**Work order:** Beginning with the line containing "De repetities en" and ending with the line containing "15日下午,由市委宣传部、市", write out each line of the records below exactly; pictures and lines outside that range are left out.

**Supplied information:**
=-=-=-=-=

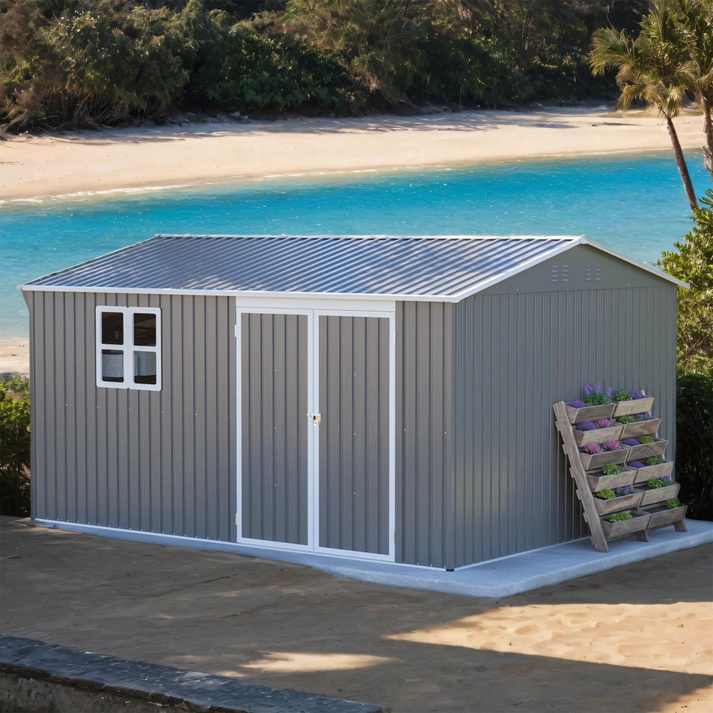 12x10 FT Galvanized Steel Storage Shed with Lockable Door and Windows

=-=-=-=-=

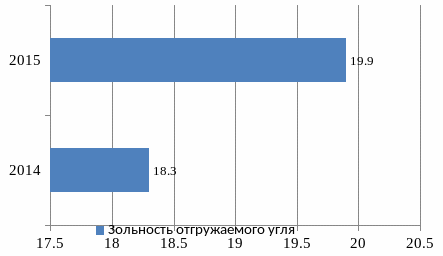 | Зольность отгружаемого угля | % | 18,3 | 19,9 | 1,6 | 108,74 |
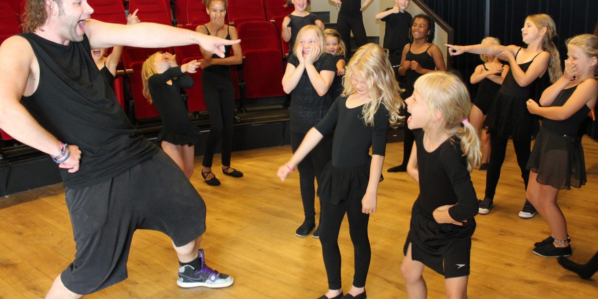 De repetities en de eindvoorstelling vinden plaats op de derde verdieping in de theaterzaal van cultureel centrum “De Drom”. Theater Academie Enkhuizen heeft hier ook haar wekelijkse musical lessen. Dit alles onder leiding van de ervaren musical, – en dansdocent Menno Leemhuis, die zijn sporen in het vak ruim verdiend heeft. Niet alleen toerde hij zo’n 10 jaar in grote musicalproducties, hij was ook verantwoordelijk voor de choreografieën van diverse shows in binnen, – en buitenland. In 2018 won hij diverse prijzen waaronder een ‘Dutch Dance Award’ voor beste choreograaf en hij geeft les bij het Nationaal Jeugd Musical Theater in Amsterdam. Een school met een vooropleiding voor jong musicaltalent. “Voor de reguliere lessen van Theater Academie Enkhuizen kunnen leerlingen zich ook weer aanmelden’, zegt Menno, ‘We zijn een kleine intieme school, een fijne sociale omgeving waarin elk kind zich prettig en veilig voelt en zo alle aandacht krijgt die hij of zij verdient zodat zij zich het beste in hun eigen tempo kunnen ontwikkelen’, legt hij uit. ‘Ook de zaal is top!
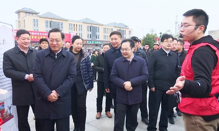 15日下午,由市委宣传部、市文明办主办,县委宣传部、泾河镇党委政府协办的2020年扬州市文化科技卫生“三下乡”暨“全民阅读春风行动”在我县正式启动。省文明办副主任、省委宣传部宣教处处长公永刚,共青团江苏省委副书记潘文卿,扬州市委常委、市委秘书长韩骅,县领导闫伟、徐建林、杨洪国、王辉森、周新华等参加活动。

=-=-=-=-=

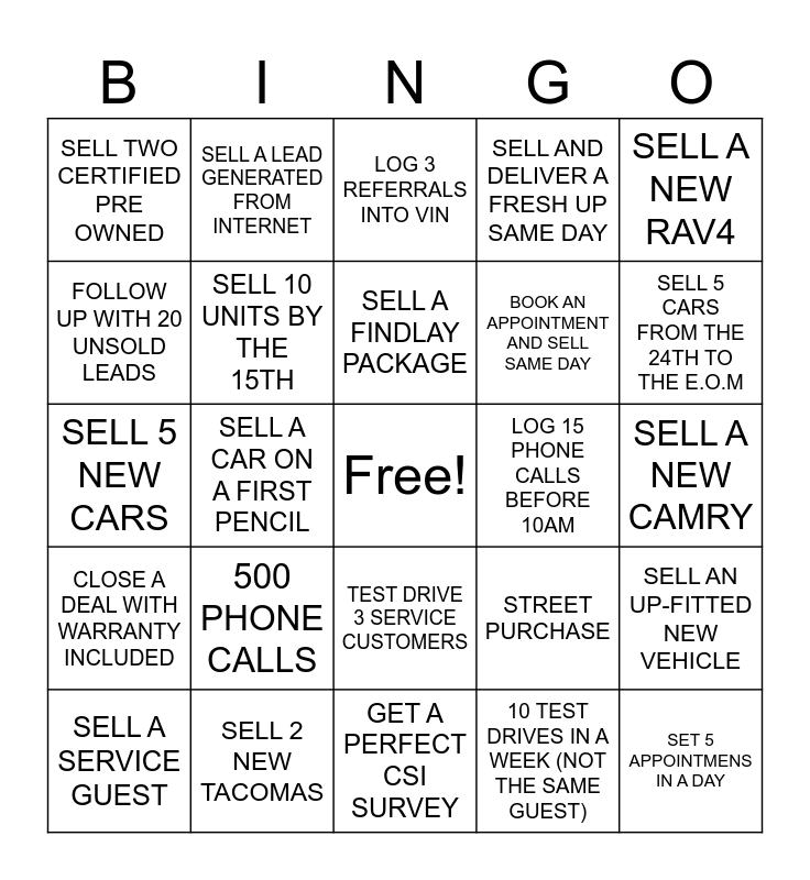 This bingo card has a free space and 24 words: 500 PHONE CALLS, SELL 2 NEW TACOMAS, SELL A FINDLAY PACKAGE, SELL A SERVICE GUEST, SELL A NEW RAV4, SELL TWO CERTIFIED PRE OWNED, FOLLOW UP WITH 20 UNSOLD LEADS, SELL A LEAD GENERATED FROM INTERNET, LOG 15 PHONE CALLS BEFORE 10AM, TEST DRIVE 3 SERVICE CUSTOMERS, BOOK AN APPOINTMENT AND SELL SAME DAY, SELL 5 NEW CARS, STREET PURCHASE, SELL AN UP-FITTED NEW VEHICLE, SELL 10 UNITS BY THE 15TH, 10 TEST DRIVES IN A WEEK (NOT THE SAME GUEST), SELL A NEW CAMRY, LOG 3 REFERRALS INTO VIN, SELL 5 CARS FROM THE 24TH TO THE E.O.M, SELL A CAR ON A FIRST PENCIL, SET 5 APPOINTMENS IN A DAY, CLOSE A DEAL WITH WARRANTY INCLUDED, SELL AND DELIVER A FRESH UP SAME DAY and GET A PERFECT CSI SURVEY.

=-=-=-=-=

**Exercise result:**
 De repetities en de eindvoorstelling vinden plaats op de derde verdieping in de theaterzaal van cultureel centrum “De Drom”. Theater Academie Enkhuizen heeft hier ook haar wekelijkse musical lessen. Dit alles onder leiding van de ervaren musical, – en dansdocent Menno Leemhuis, die zijn sporen in het vak ruim verdiend heeft. Niet alleen toerde hij zo’n 10 jaar in grote musicalproducties, hij was ook verantwoordelijk voor de choreografieën van diverse shows in binnen, – en buitenland. In 2018 won hij diverse prijzen waaronder een ‘Dutch Dance Award’ voor beste choreograaf en hij geeft les bij het Nationaal Jeugd Musical Theater in Amsterdam. Een school met een vooropleiding voor jong musicaltalent. “Voor de reguliere lessen van Theater Academie Enkhuizen kunnen leerlingen zich ook weer aanmelden’, zegt Menno, ‘We zijn een kleine intieme school, een fijne sociale omgeving waarin elk kind zich prettig en veilig voelt en zo alle aandacht krijgt die hij of zij verdient zodat zij zich het beste in hun eigen tempo kunnen ontwikkelen’, legt hij uit. ‘Ook de zaal is top!
 15日下午,由市委宣传部、市文明办主办,县委宣传部、泾河镇党委政府协办的2020年扬州市文化科技卫生“三下乡”暨“全民阅读春风行动”在我县正式启动。省文明办副主任、省委宣传部宣教处处长公永刚,共青团江苏省委副书记潘文卿,扬州市委常委、市委秘书长韩骅,县领导闫伟、徐建林、杨洪国、王辉森、周新华等参加活动。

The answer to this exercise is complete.